## Exercise goal:
Everything in the listing below needs restating exactly, apart from the pictures.

## Given information:
[Start of section]
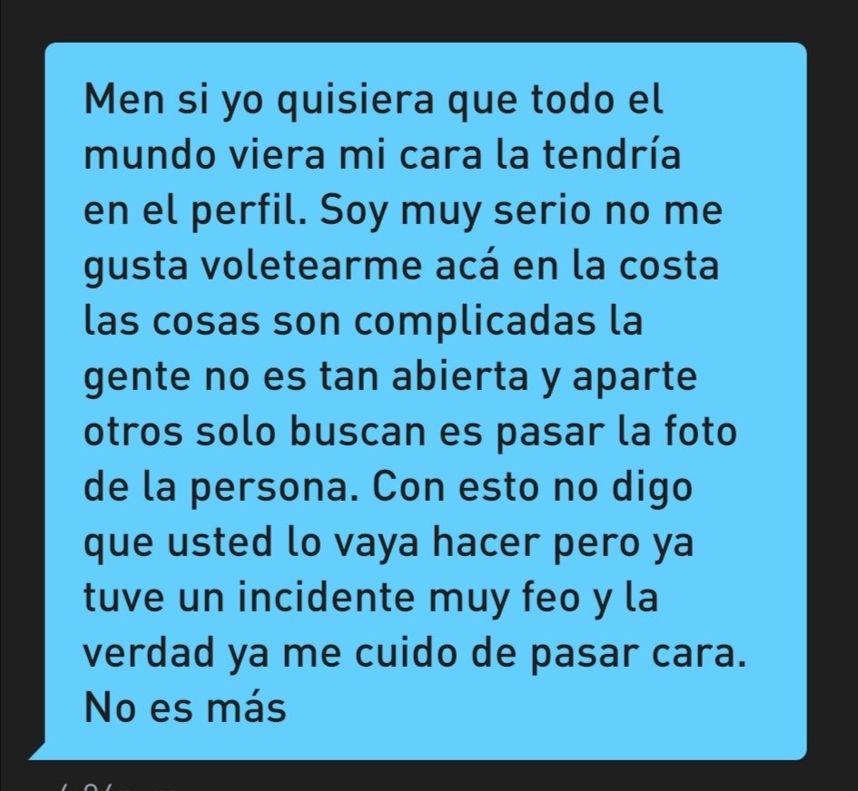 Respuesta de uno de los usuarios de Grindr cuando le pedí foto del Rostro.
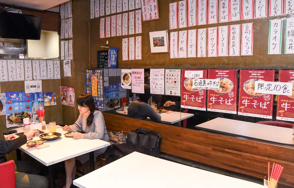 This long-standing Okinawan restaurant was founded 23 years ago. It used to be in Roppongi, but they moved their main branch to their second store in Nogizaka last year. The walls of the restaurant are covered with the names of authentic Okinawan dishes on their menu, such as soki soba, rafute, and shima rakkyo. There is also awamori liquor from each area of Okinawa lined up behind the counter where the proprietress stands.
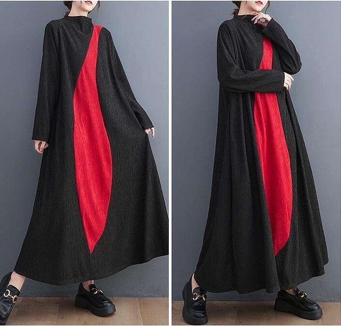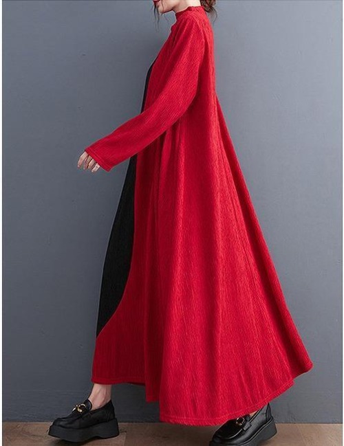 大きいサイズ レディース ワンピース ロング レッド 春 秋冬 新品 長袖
[End of section]
## Worked solution:
 Respuesta de uno de los usuarios de Grindr cuando le pedí foto del Rostro.
 This long-standing Okinawan restaurant was founded 23 years ago. It used to be in Roppongi, but they moved their main branch to their second store in Nogizaka last year. The walls of the restaurant are covered with the names of authentic Okinawan dishes on their menu, such as soki soba, rafute, and shima rakkyo. There is also awamori liquor from each area of Okinawa lined up behind the counter where the proprietress stands.
 大きいサイズ レディース ワンピース ロング レッド 春 秋冬 新品 長袖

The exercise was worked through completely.